Wang et al. (2018) calibrate and evaluate a simple model for estimating diffuse solar radiation across daily and monthly time frames for Chinese territory. The proposed approach was carried out by utilizing experimental data from the 13th weather station in China. The results showed that the daily approach may be used consistently, but the monthly approach was only effective in the southern region. Using its regional characteristics, the northern region monthly approach was modified. The methods developed can successfully estimate diffuse radiation and are highly applicable in engineering for only two factors, with correct results being provided for all stations. Marques Filho et al. (2016) assessed the intensity of solar radiation in Rio de Janeiro. The main purpose is to monitor the evolution of the solar radiation components (global and diffuse) for the chosen city. For several years, the evolution method was tested using experimental solar radiation data. The study found a significant potential for solar energy at the surface, particularly during the summer. The clearness index and the diffuse solar radiation portion behave similarly in summer and winter. The Angstrom formula accurately represents the monthly average daily value of global solar radiation. In terms of representing the diffuse percentage as a function of the clearness index, the sigmoid logistic function is statistically more significant than other correlation models. Li, Lou, and Lam (2015) examines horizontal global, direct, and sky-diffuse solar radiation data recorded in Hong Kong between 2008 and 2012, summarizes some of the general findings, assesses a mathematical model for estimating direct-normal solar radiation, and computes several climatic variables. The results might contribute to the development of a more trustworthy and complete solar radiation database for future building energy designs and evaluations.

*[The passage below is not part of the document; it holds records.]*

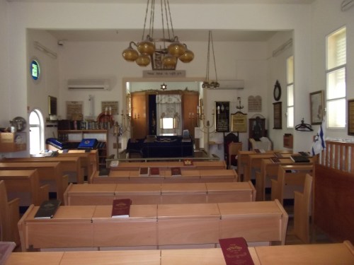 After much talk we bid the helpful archiver farewell, thanking him over and over for his interesting insights into the history of Shavei Tzion. But before we left, we stopped at the old Bet Knesset (Synagogue) – a building duplicated from the settlers’ counterpart back in Germany. Sadly the door was locked… but redemption came in the words of an Arab cleaning woman. She told us where to find the keys and then reminded us that we needed to return them when we were done. We assured her we would and opened the synagogue. Here is what we saw, definitely of Germanic design: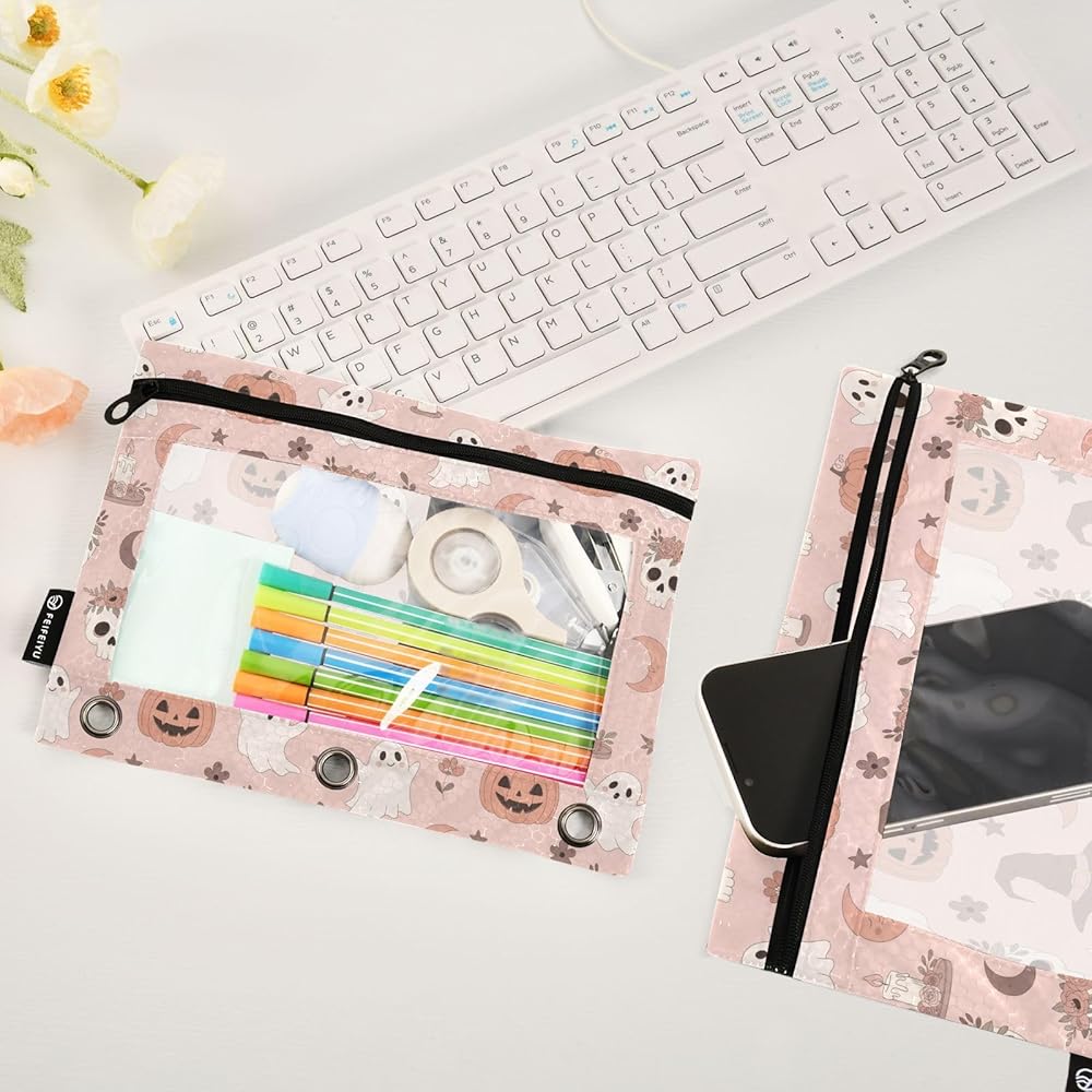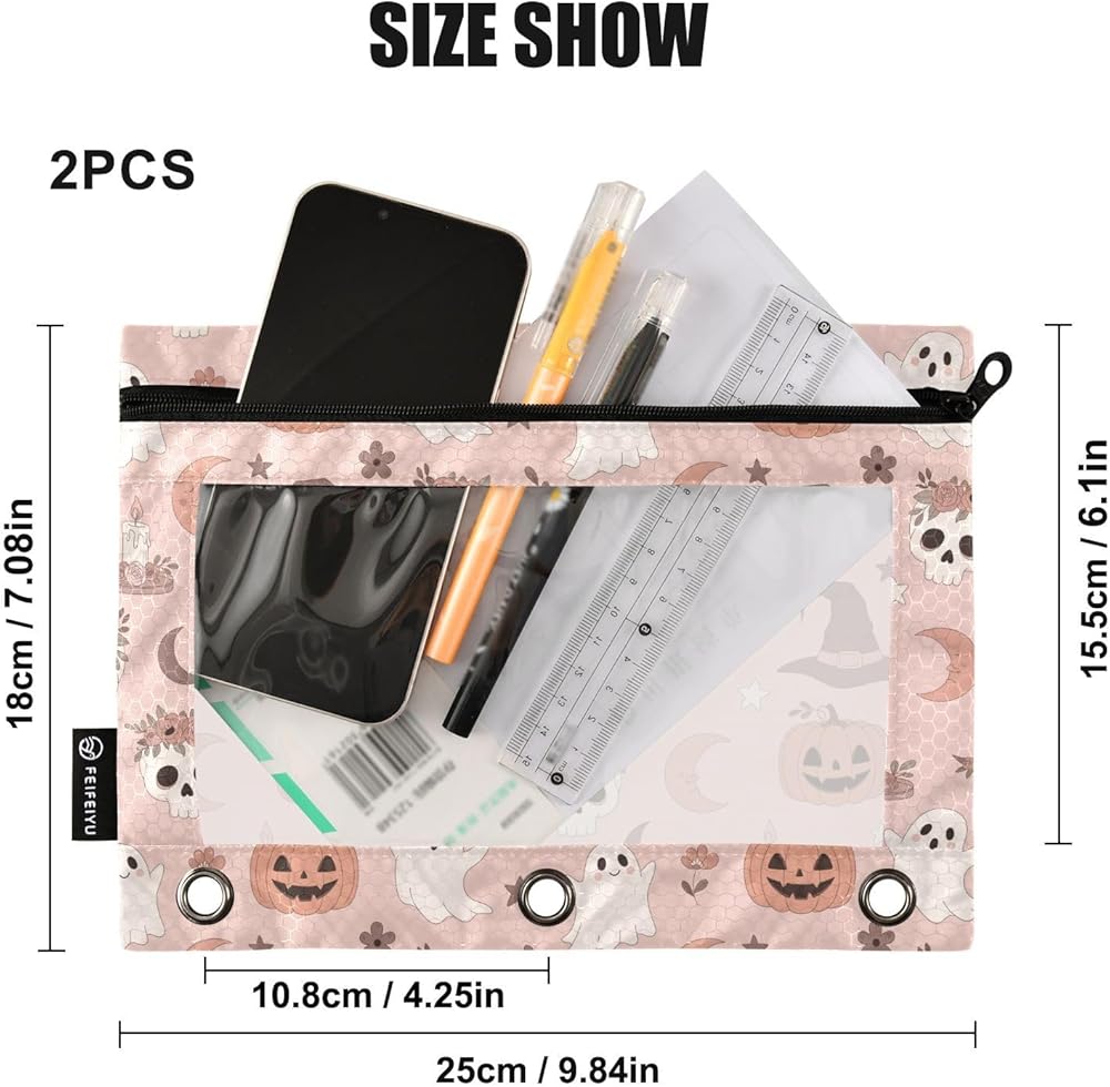 The front of each pouch is covered with clear plastic, allowing you to easily see what's inside and find items quickly. The three-hole loose-leaf design fits standard 3-ring binders, with 3 rivet enforced holes that strengthen the pouch. Holes also allow you to secure the pouch to another item using a fastener or clasp.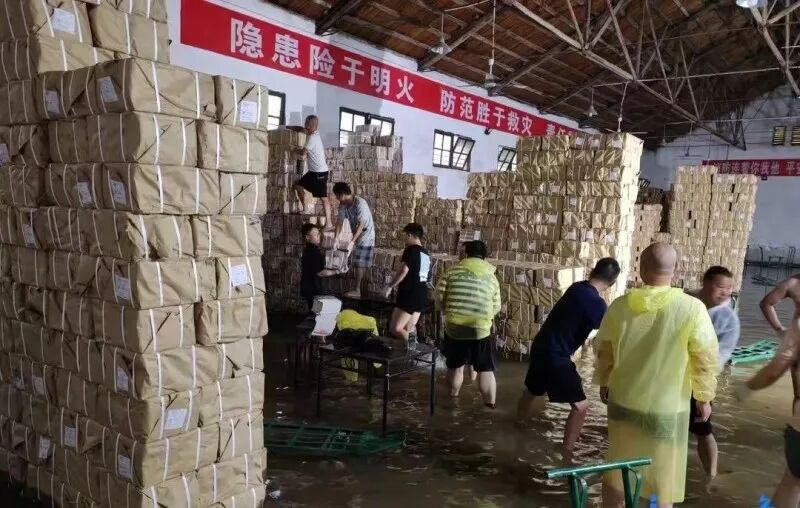 △双峰新华书店仓库发生内涝,双峰县委宣传部组织相关人员迅速投入抢救书籍的战斗中。赵冠豪 摄

Hassan et al. (2021) estimated the intensity of solar radiation for the region of Iraq. The study was carried out using 15 years of experimental data for solar radiation. The results suggest a polynomial model for predating the optimum tilt angel for maximizing solar radiation for the Iraqi territories. Kaushika, Tomar, and Kaushik (2014) used ANNs to obtain an explicit approach used for the decomposition of solar radiation components directly. The selected computing algorithm estimates global, diffuse, and direct components under clear sky conditions. The differences between these estimations and experimental measurements are mainly caused by random meteorological occurrences described by clearness indexes. In the ANN analysis, the clearness indices and their corresponding solar radiation components are mapped with long-term monthly mean hourly data of weather-related parameters such as mean duration of sunshine per hour, relative humidity, and total rainfall. A comparison of the current ANN approach estimations with NASA meteorology and solar energy data sets reveals good agreement. The worldwide solar radiation on slanted planes was also studied under isotropic and anisotropic sky conditions. The relationship between global, direct, and diffuse solar radiation with regard to optical air mass is used to evaluate the attenuation induced by situational factors evaluated by Dal Pai et al. (2014). The results demonstrated that the decrease in solar radiation with increasing optical air mass was justified by an increase in the chance of solar ray collision with atmospheric elements. The combined study of data from direct and diffuse solar radiation allows for a better understanding of the atmospheric attenuation process, establishing qualitative correlations between absorption, scattering, and reflection processes.

Sanchez-Lorenzo, Calbó, and Wild (2013) present a full description dataset of surface solar radiation in Spain based on the longest series of global solar radiation measurements, most of which began in the early 1980s. In this work the homogeneity of this dataset is particularly important in order to assure the dependability of the trends, which might be altered by non-natural phenomena such as relocations or instrument modifications. Rossi et al. (2018) describe several correlations for solar radiation decomposition components (global, diffuse, and direct). The study presented a database of global solar radiation from three years in Botucatu, Brazil. Furthermore, the influence of climate parameters (cloudiness, water vapor, and aerosols) on the irradiance was evaluated. The Earth obtains the preponderance of its energy in the form of electromagnetic solar radiation. The atmospheric components absorb, reflect, and transmit some of this radiation. The magnitude of solar irradiance fluxes anywhere at site on the Earth is determined by a number of meteorological, astronomical, and geographical parameters, including cloudiness, solar constant, solar elevation, Sun-Earth distance, albedo at ground, sunshine duration, day length, air temperature, relative humidity, precipitation, and coefficients of absorption and diffusion by atmospheric components. Other factors relating to the prediction of solar radiation have been extensively discussed in the literature.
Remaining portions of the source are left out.